*INFORMATION PROVIDED*

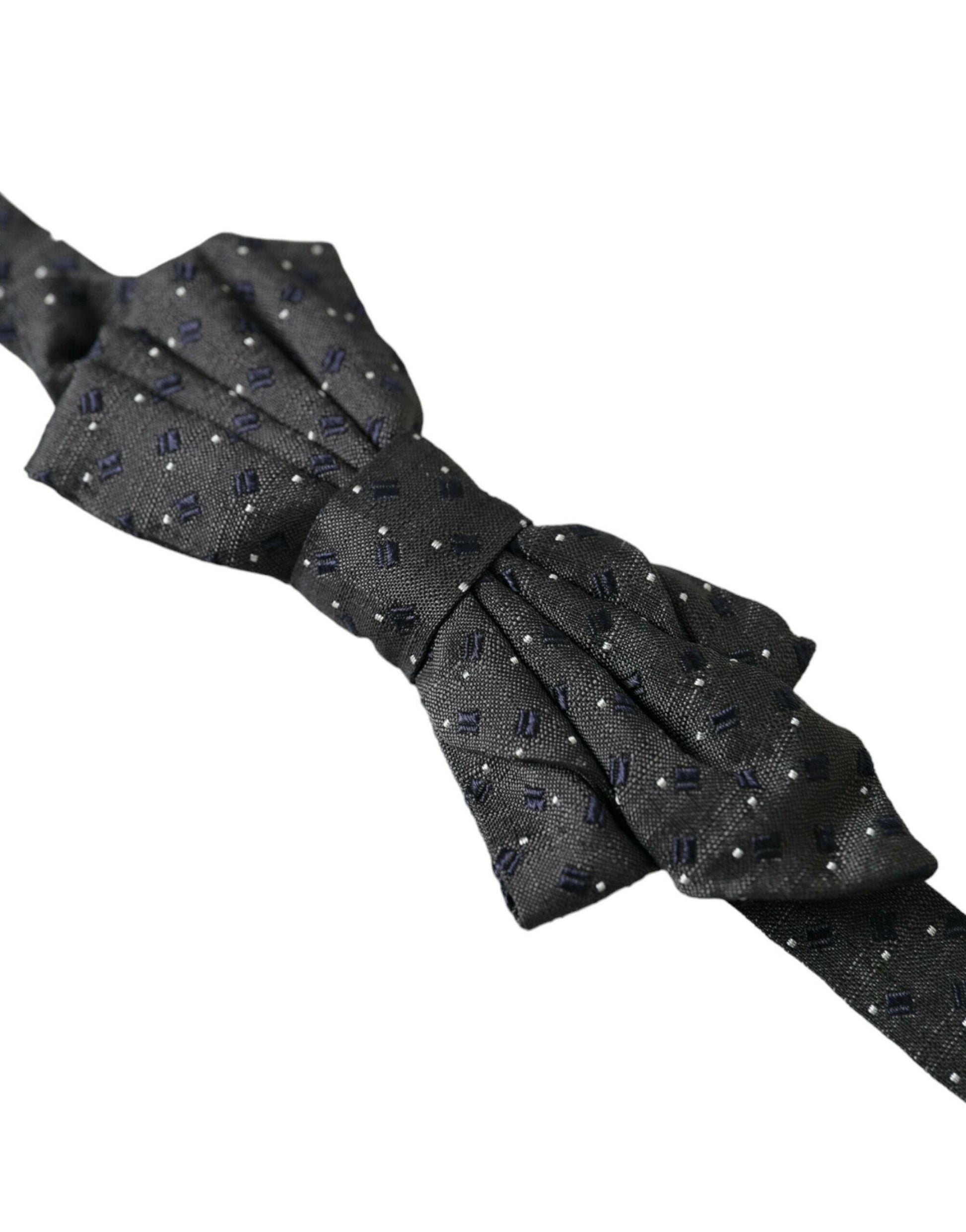 Dolce & Gabbana Black Silk Patterned Adjustable Neck Men Papillon Bow Tie
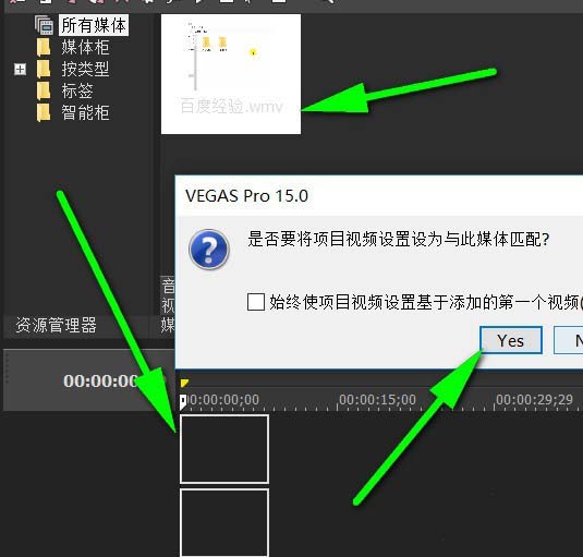 3、而如果拉动素材到下边便会弹出提示让你选择是否不更改视频媒体的长宽比例哦。
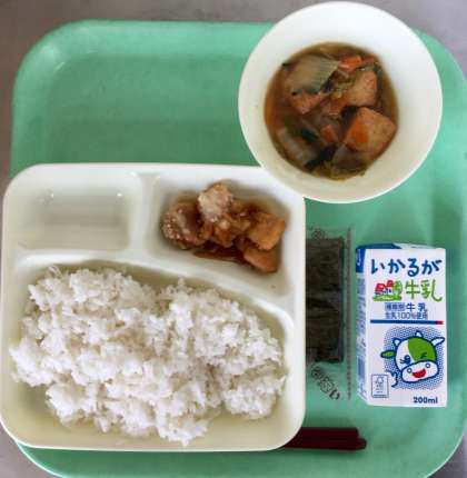 本日の献立は、あげ鶏のねぎソースかけ、あつあげとはくさいの中華煮、焼きのり、米飯、牛乳です。
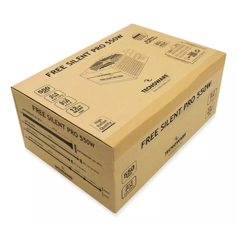 - TECNOWARE FREE SILENT PRO 550. TOTAL POWER: 550 W, AC INPUT VOLTAGE: 180 - 264 V, AC INPUT FREQUENCY: 47 - 63 HZ. MOTHERBOARD POWER CONNECTOR: 20+4 PIN ATX, MOTHERBOARD POWER CABLE LENGTH: 50 CM, PCI EXPRESS POWER CABLE LENGTH: 50 CM. PURPOSE: PC, POWER S

*TASK INSTRUCTIONS*
For this exercise, transcribe the data exactly but without its pictures.

*RESULT OF THIS EXERCISE*
 Dolce & Gabbana Black Silk Patterned Adjustable Neck Men Papillon Bow Tie
 3、而如果拉动素材到下边便会弹出提示让你选择是否不更改视频媒体的长宽比例哦。
 本日の献立は、あげ鶏のねぎソースかけ、あつあげとはくさいの中華煮、焼きのり、米飯、牛乳です。
 - TECNOWARE FREE SILENT PRO 550. TOTAL POWER: 550 W, AC INPUT VOLTAGE: 180 - 264 V, AC INPUT FREQUENCY: 47 - 63 HZ. MOTHERBOARD POWER CONNECTOR: 20+4 PIN ATX, MOTHERBOARD POWER CABLE LENGTH: 50 CM, PCI EXPRESS POWER CABLE LENGTH: 50 CM. PURPOSE: PC, POWER S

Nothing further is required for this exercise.